We think that an application of the settled principles of the law of agency to this case requires a negative answer. "As a general rule of law every grant of power implies and carries with it, as an incident, authority to do whatever acts, or use whatever means are reasonably necessary and proper to the accomplishment of the purpose for which the agency was created. * * * Such incidental authority includes all acts and things which are connected with and essential to the business in hand; it is measured by the nature and necessities of the purpose to be accomplished, and is prima facie coextensive with the business intrusted to the agent's care. The means adopted, however, should be such as are most usual, such means indeed as are ordinarily used by prudent persons in doing similar business." 2 Corp. Jur. 578, § 220; Hall, etc., Co. v. Harwell,88 Ala. 441, 6 So. 750; Scales v. Mount, 93 Ala. 82,9 So. 513.

"As a general rule, the authority of an agent will not be extended beyond that which is given in terms, or is necessary and proper to carry the authority given into full effect." Scales v. Mount, 93 Ala. 82, 83, 9 So. 513.

Authority to execute a promissory note to secure existing indebtedness necessarily implies the power to make and deliver a note containing everything necessary to create a valid and effective obligation to pay; and, perhaps, such an authority would ordinarily permit the inclusion in the note of such other stipulations, designed to strengthen the obligation and facilitate its enforcement, as, by general custom and common use, are incorporated with the promise to pay.

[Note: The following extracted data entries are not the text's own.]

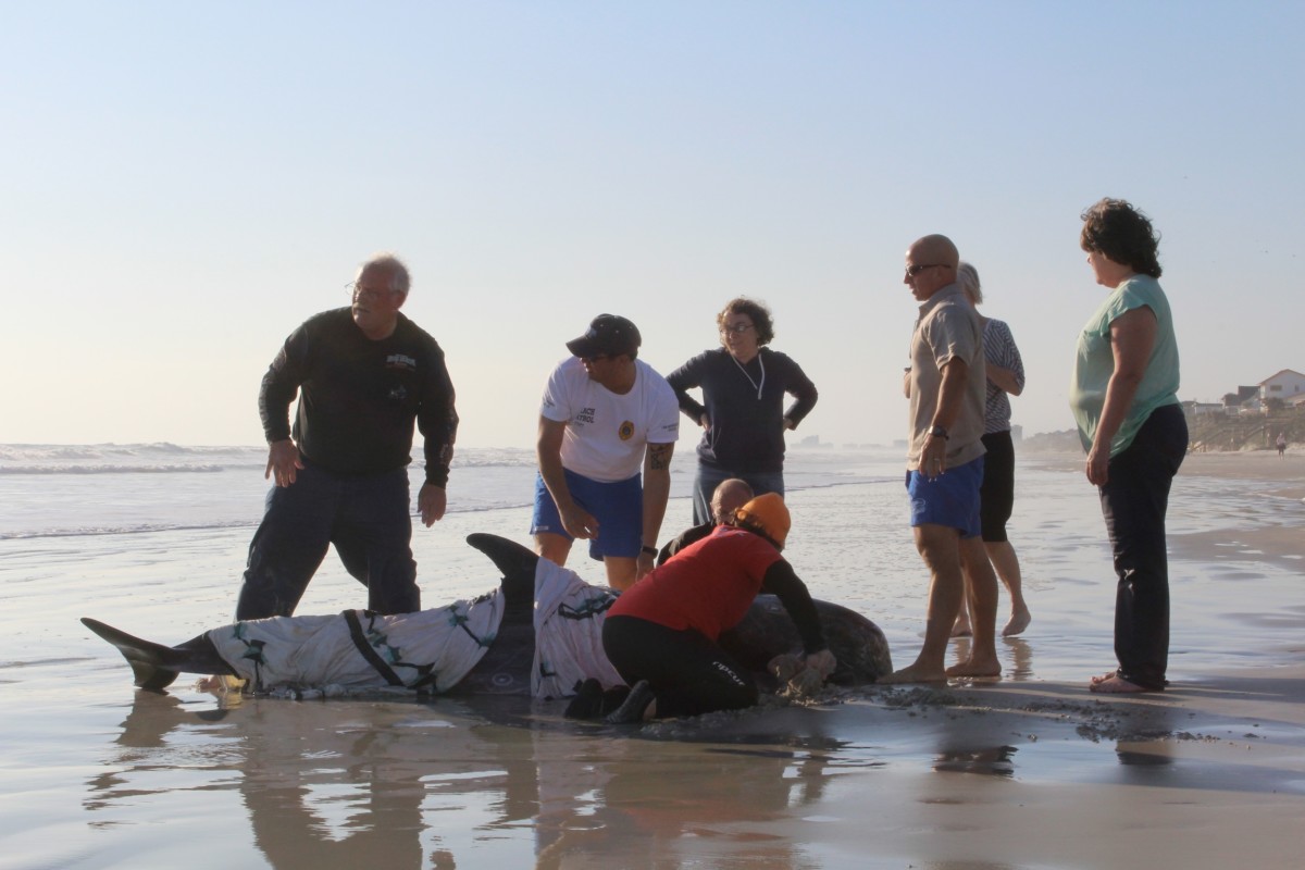 Rescue personnel and experts rush to examine and assist a live dolphin amid an ongoing surge of strandings along the coast.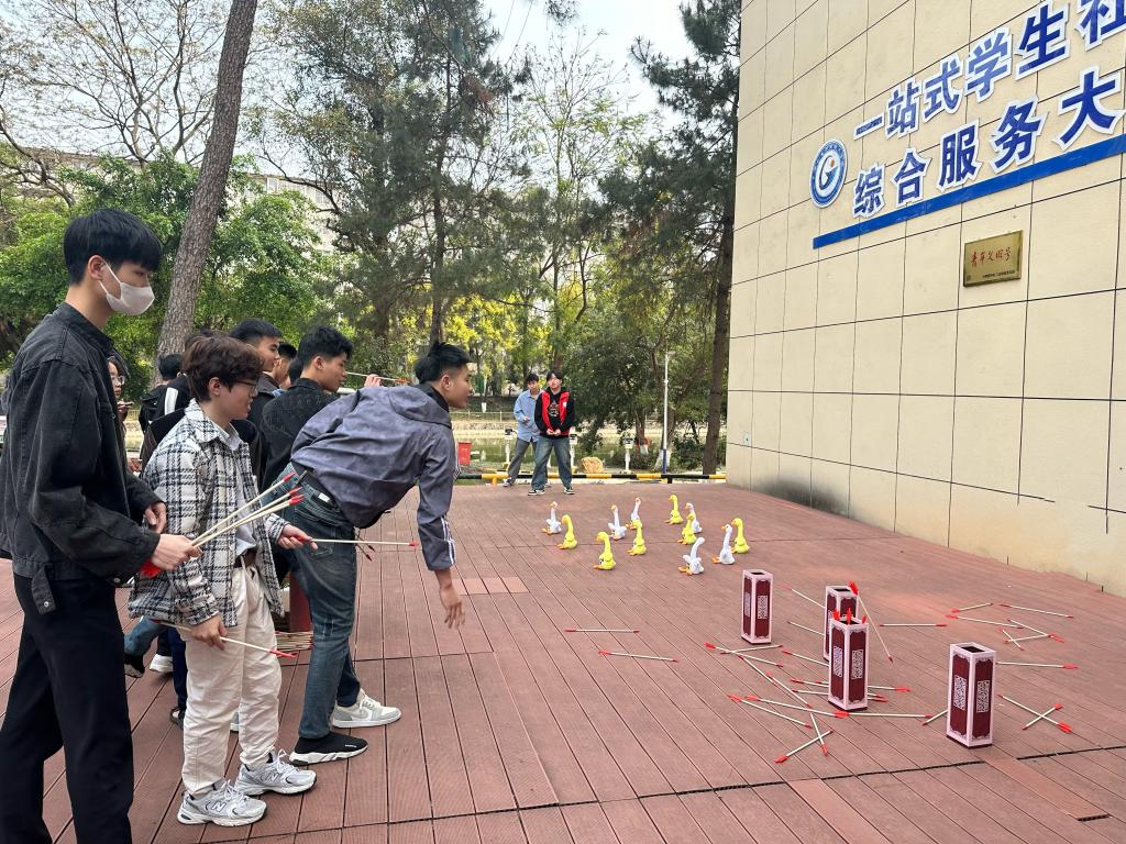 此外,越南留学生们还积极参与校园地标打卡、民族游戏投壶、套圈等互动,在文化交流中架起中越友谊的桥梁。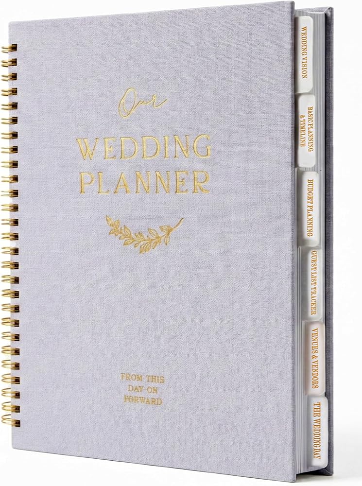 Plan your big day with confidence using this all-in-one Wedding Planner Book and Organizer for the Bride. Thoughtfully designed for brides-to-be, it features 6 detailed sections, 121 pages of checklists, timelines, and budget tools, plus an 18-month calendar. The elegant linen cover and gold foil detail add a luxurious touch, making it the perfect engagement gift or bridal shower gift. Inside, you'll find everything from guest list tracking and vendor comparison to honeymoon planning and wedding day essentials. Unlike cheap binders or bulky kits, our spiral-bound planner is compact, purse-friendly, and beautiful enough to display. Whether you're gifting it to a newly engaged friend or using it to organize your own dream wedding, this planner is your ultimate companion on the journey to “I Do”. Perfect for: brides, maid of honor gifts, wedding party planning, engagement planners, bridal notebooks, and more.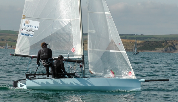 One of the most highly anticipated boats taking part in last week’s Artemis International 14 World Championship was the latest offering from design guru Paul Bieker. The last 14 design from Seattle-based Bieker, who has also been part of Oracle Racing’s design team, was the Bieker 5. These won the world championships in 2005 with Howie Hamlin and Euan McNicol and subsequently in 2008 and 2010 with Archie Massey. But in Weymouth last week was the first example of the new Beiker 6. This was being sailed by Kris Henderson, who builds the boat in Seattle, with Joe Bersch out on the wire, who is the money.

Very clearly, the venue provision here asserted was not necessary to the full exercise of the authority granted, and its inclusion in promissory notes is neither usual nor to be expected. In accord with this view, we have recently held that a note containing this very provision was, as a matter of law, not an ordinary promissory note. Stewart v. Capital Fert. Co.,207 Ala. 596, 93 So. 641. And in City Bank of Wheeling v. Bryan, 72 W. Va. 29, 78 S.E. 400, 404, the Supreme Court of West Virginia held that an agent's authority to execute promissory notes for the principal's debt did not include an implied authority to stipulate in the notes that any attorney could appear for the maker in a court of record, and waive process and confess judgment in favor of the payee; and that such a stipulation was therefore utterly void.

We think and hold that the venue provision here in question was in excess of the agent's authority to execute the notes, and that it is not binding on his principal, this defendant. *Page 153

It results that the plea in abatement should have been sustained instead of denied, and the judgment of the circuit court was grounded in error.

Let the judgment be reversed and the cause remanded for another trial in accordance herewith.

Reversed and remanded.

All the Justices concur, except THOMAS, J., who dissents.

SAYRE, GARDNER, and MILLER, JJ., concur in the opinion.

ANDERSON, C. J., and McCLELLAN, J., concur on the ground that the stipulation in question was ultra vires of the defendant corporation.